Beam:无法序列化和反序列化 属性 'awsCredentialsProvider
Beam: Failed to serialize and deserialize property 'awsCredentialsProvider
我一直在使用 Beam 管道 examples as a guide in an attempt to load files from S3 for my pipeline. Like in the examples I have defined my own PipelineOptions
that also extends S3Options and I am attempting to use the DefaultAWSCredentialsProviderChain。配置这个的代码是:
MyPipelineOptions options = PipelineOptionsFactory.fromArgs(args).as(MyPipelineOptions.class);
options.setAwsCredentialsProvider(new DefaultAWSCredentialsProviderChain());
options.setAwsRegion("us-east-1");
runPipeline(options);
当我从 Intellij 运行 它使用 Direct Runner 它工作正常
但是当我将它打包为 jar 并执行它时(也使用 Direct Runner)我看到:
Exception in thread "main" java.lang.IllegalArgumentException: PipelineOptions specified failed to serialize to JSON.
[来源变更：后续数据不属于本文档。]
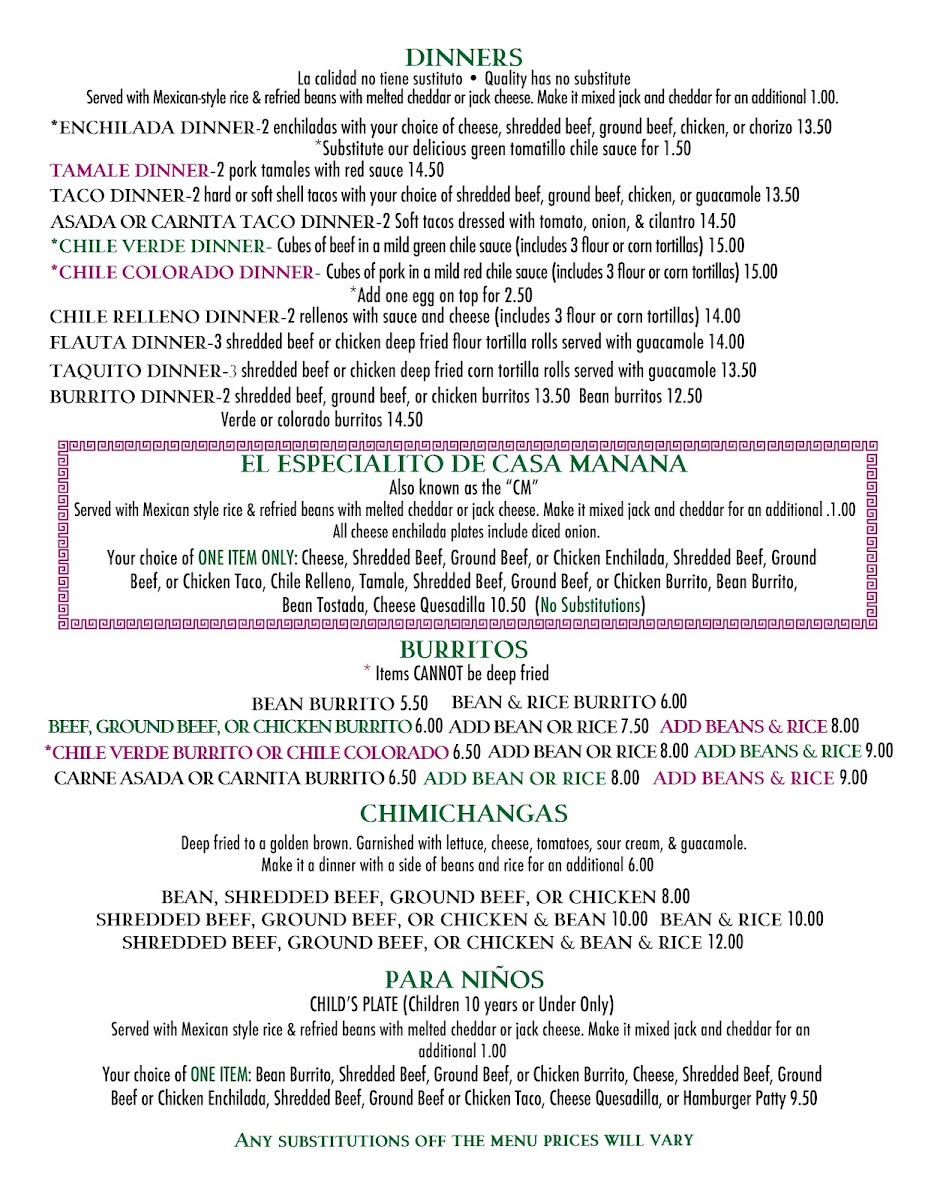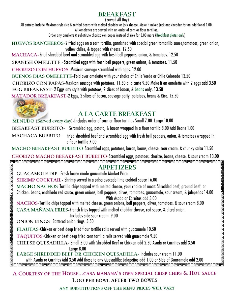 Welcome to Casa Mañana Mexican Restaurant, a gem nestled in Santa Maria, California. Located at 1640 S Broadway, this cozy establishment transports diners to Mexico through its authentic flavors and inviting atmosphere. The menu features a delightful array of traditional dishes, from flavorful enchiladas to sizzling fajitas. Each plate is crafted with care, promising deliciousness that leaves patrons wanting more.
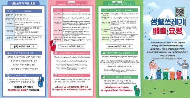 [ 중앙뉴스미디어 ] 외국인 거주자와 근로자가 생활폐기물 배출 방법을 쉽게 이해하고 올바르게 실천할 수 있도록 나주시가 다국어 홍보물을 제작해 무단투기 예방과 쾌적한 도시환경 조성에 나선다.

at org.apache.beam.runners.direct.DirectRunner.run(DirectRunner.java:166)
at org.apache.beam.runners.direct.DirectRunner.run(DirectRunner.java:67)
at org.apache.beam.sdk.Pipeline.run(Pipeline.java:313)
at org.apache.beam.sdk.Pipeline.run(Pipeline.java:299)
at a.b.c.beam.CleanSkeleton.runPipeline(CleanSkeleton.java:69)
at a.b.c.beam.CleanSkeleton.main(CleanSkeleton.java:53)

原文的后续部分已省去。